# Got my new LAMIGLAS FLYROD, need a reel now



## wackyworm (May 1, 2004)

I was trying to find fly reel on Ebay a week ago to go on my 7# [?] custom fly rod my dad found at a yard sale in Florida, but came accross a NEW 9 ft LAMIGLAS 4# 1298-4 for $40, no bids and like 20 mins left. I new that the Lamiglas was a fairly high end name and owning a Walleye rod by them. Went to there website, there web price $220. So I bid, and got it for $40. Got it yesterday, its sweet. But now need a 4# reel. All I have ever used for flyfishing is my grand fathers vintage stuff. Thinking of PFLUEGER President/Trion. Any thought on these. Also a wondering about the OKUMAS. Should keep it around $100, but $200 tops  . Any one have something they want to sell? Thoughts/comments?


----------



## Whaler (Nov 16, 2004)

I bought an outfit from cabelas last year . It's their three forks model. It's a nice rod and I've caught a lot of Steelhead on it. One day my buddy and I were comparing rods while fishing the Chagrin.
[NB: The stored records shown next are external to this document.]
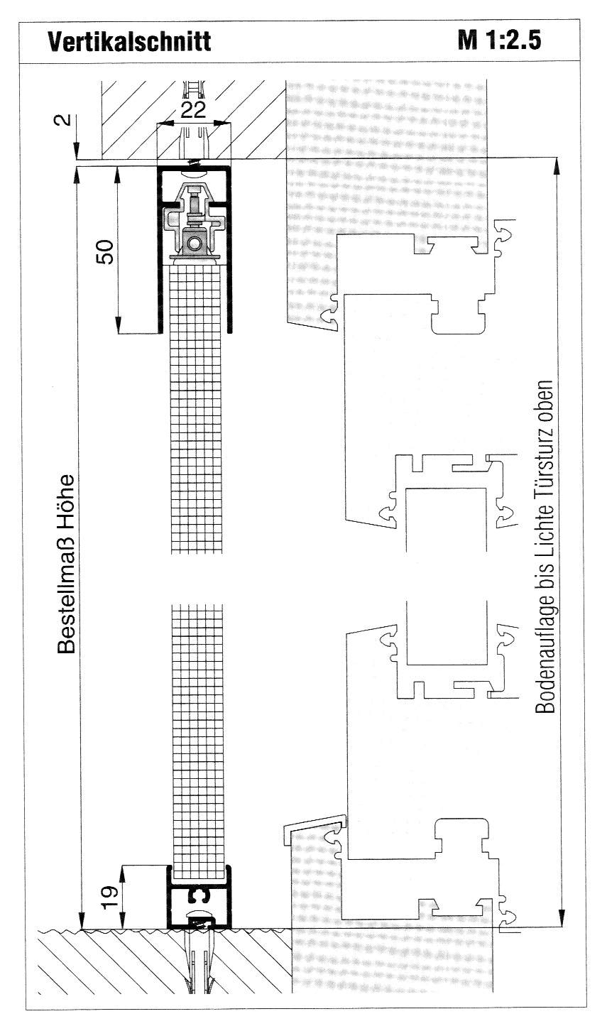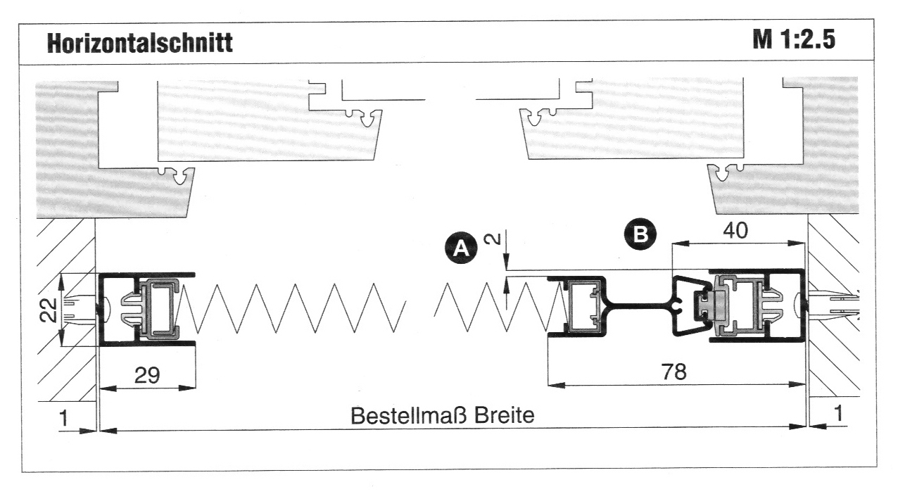 Bei der Montage vor eine Nische, müssen die Schienenbreiten allseitig addiert werden. Die Bestellmaße sind immer die Fertigmaße / Außenkantenmaße der fertigen Plisseetür)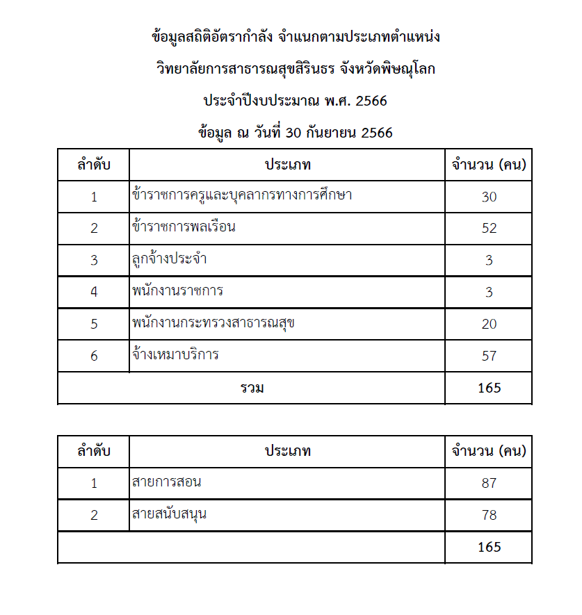 ข้อมูลสถิติอัตรากำลัง จำแนกตามประเภทตำแหน่ง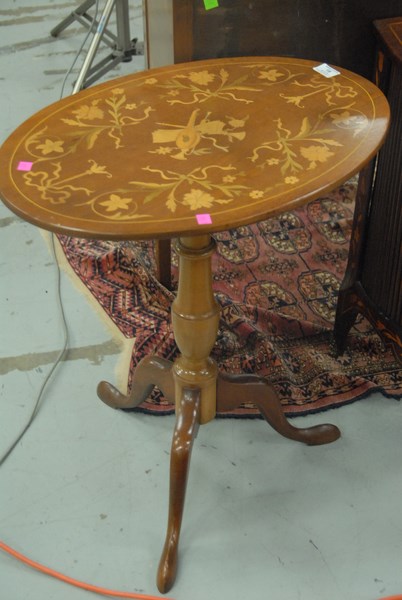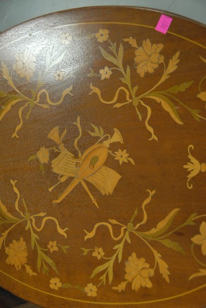 Marquetry inlaid mahogany tip table, top: 24 x 16 1/2.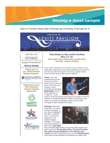 Logo on 17 weekly e-blasts, May 14 through July 16 and Aug. 27 through Oct. 8.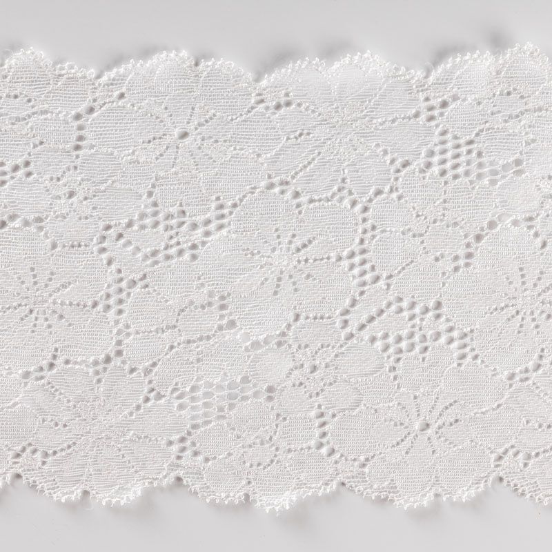 Эластичное кружево сочетает в себе мягкость, прочность и красоту, благодаря своей упругости оно долго не теряет первоначальную форму. Используется для пошива нижнего белья, а так же применяется как отделочный декор в одежде.
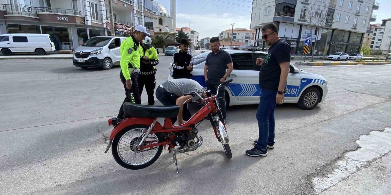 Aksaray'da trafik ekiplerinin durdurduğu plakasız ve aynasız motosikletin kasksız olan sürücüsüne 26 bin 965 lira ceza kesildi.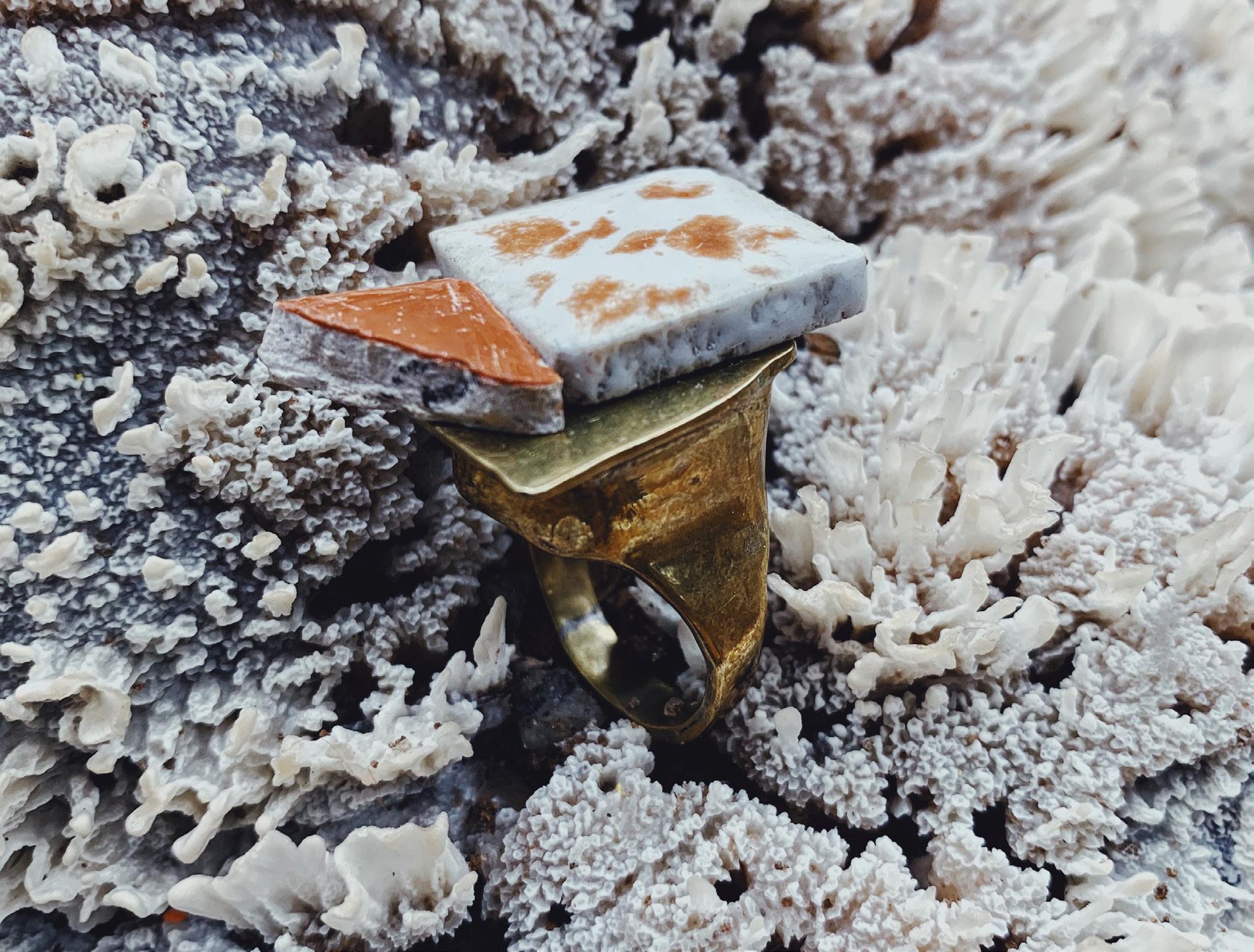 Materiais: latão, cobre, prata, pedras, cerâmica, sementes y fibras orgânicas, parafina mineral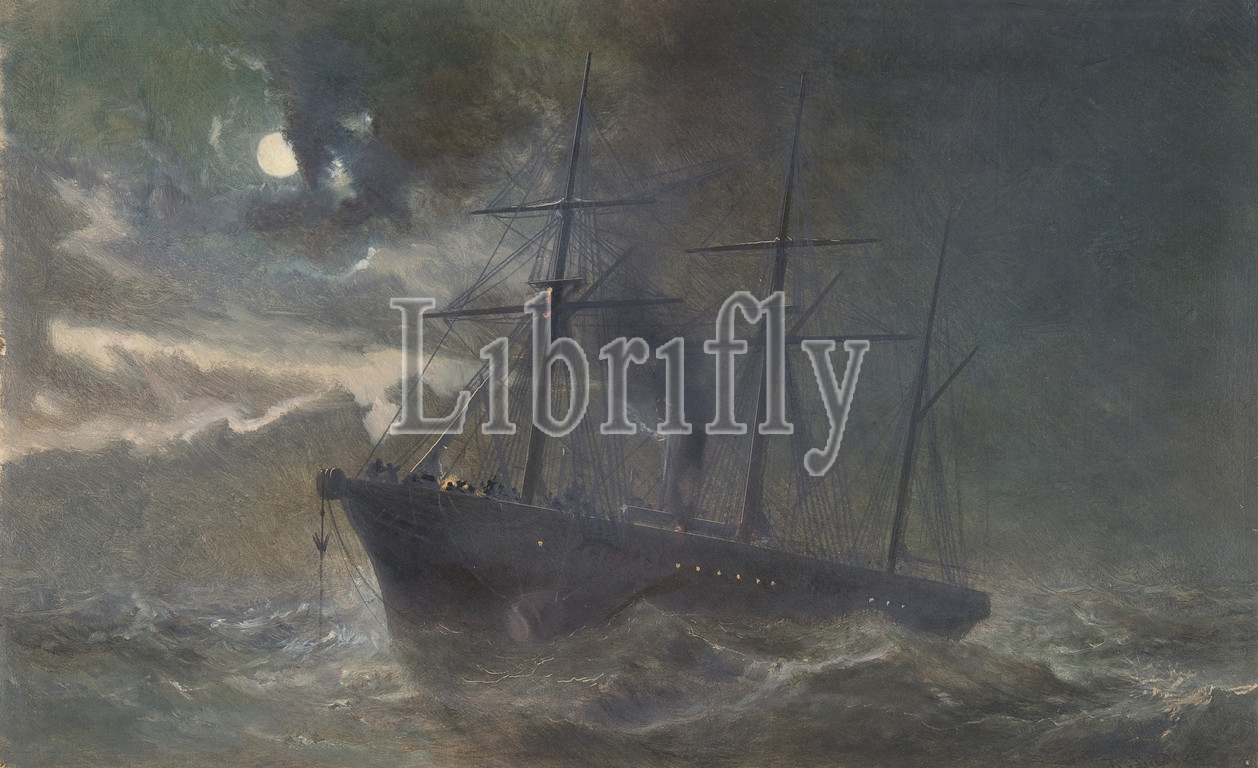The Albany Buoying a Bight of the Cable of 1865 on the Night of August 26th, 1866, 1866, Watercolor with touches of gouache, Sheet: 8 1/8 x 12 13/16 in. (20.6 x 32.5 cm), Drawings, Robert Charles Dudley (British, 1826–1909), One of the 19th century's great technological achievements was to lay a telegraphic cable beneath the Atlantic, allowing messages to speed back and forth between North America and Europe in minutes, rather than ten or twelve days by steamer

I said where was yours made and he said China. He said where was yours made and Mine was made in Korea. Ah the greatness of Free Trade! LOL


----------



## Hoosier Daddy (Aug 19, 2005)

Check out Ross reels. Durable/simple around $60 bucks at Cabelas


----------



## tmccunn (Mar 21, 2006)

My buddie has an okuma andhe really likes it. He gor it for a descent prince also. I think he paied around $50. I bought a cortland reel this past spring which I love. I got a hell of a deal on it paying only $20. It was on a half off sale at dicks than I went on a day where it was an additional 15% off. You may want to check and see if they are still on sale. I know they were as of three weeks ago. I was also at fin feather and fur a few weeks back and saw they had St. Croix on sale for around $40. If I hadent just bought my cortland I would of defiently bought it.


----------